In Colorado, for example, 95 percent of water imported from the Colorado River headwaters through the Colorado-Big Thompson (CBT) project was once used for agriculture; now, that number is closer to 50 percent. As another example of the complexity of systems in the Colorado River Basin, CBT water is divided into units which can be bought and sold. The amount of water in a unit varies year to year depending on the total amount of water available; when CBT is at full capacity, a unit is one acre-foot. Agricultural users owned 85 percent of the units when trading began in the late 1950s, but currently own less than one-third of available units. Municipalities own the balance, but often lease the water to farms until it’s needed. The current price for a CBT unit is close to $30,000.

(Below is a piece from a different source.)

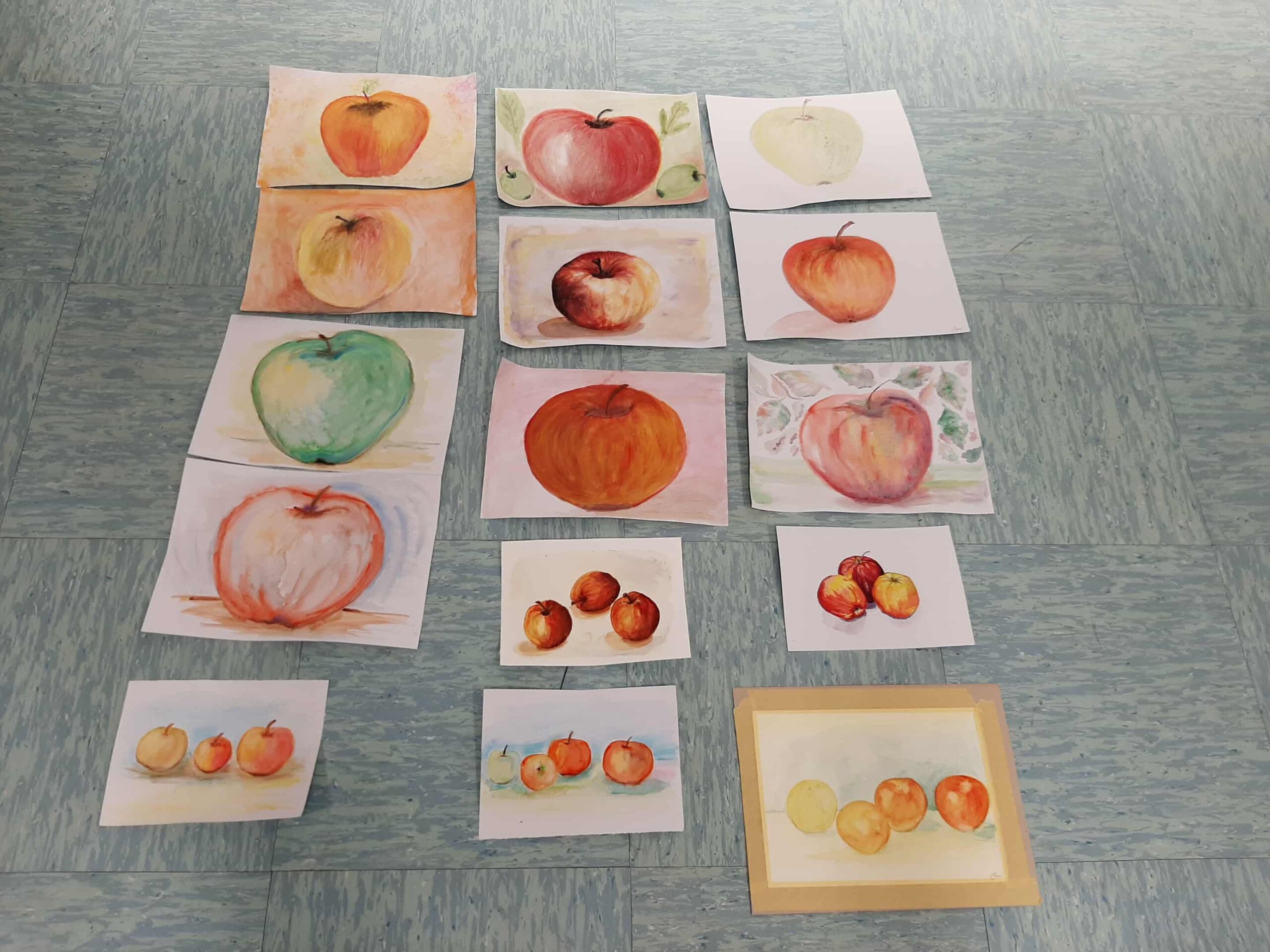 🍎 Začetnice v akvarelu – prvi koraki z vodo in barvo

Such water-sharing agreements are becoming more common in a system stretched too thin. Rotational fallowing, also known as lease-fallowing or alternative-transfer mechanisms, has played a role in shifting water from farms to cities. Farmers in the Palo Verde Valley struck a deal with the Metropolitan Water District of Southern California, which serves 19 million customers, to fallow between 7 and 35 percent of their land on a rotating basis. Metropolitan’s customers, in turn, get the water, which can be stored in Lake Mead. Similar deals, still underlined with tension but increasingly accepted, exist between Southern California municipalities and farmers in the Imperial Valley and between cities and farmers along Colorado’s Front Range urban corridor.

For their part, cities tend to tout conservation and development efforts they’ve made with water in mind. Many are encouraging density, reducing the water needed for landscaping; some have implemented turf-removal programs; and toilets, showers and other fixtures have become more efficient. Metropolitan Water District of Southern California chalked up a 36 percent per capita reduction in water use from 1985 to 2015, a time of several droughts, according to Planning magazine (Best 2018).

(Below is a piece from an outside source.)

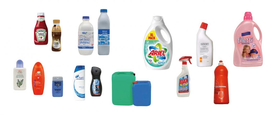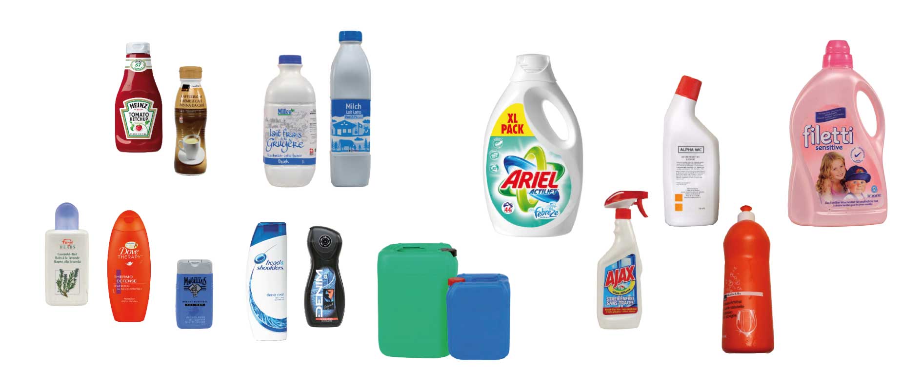 - Bouteilles de produits de nettoyage, lessive, lait, shampooing, etc.

In Nevada, the population served by the Southern Nevada Water Authority has increased 41 percent since 2002, but the per capita consumption of Colorado River water fell 36 percent. The agency’s Colby Pellegrino, speaking at a September 2018 conference called “Risky Business on the Colorado River,” said conservation is the first, second, and third strategy for achieving reduced water consumption. “If you live in the Las Vegas Valley, where there is less than 4 inches of rainfall a year, and you have a median covered in turf, and the only person walking on that turf is the person pushing a lawn mower—that is a luxury our community cannot afford, if we want to continue to have the economy we have today,” she said.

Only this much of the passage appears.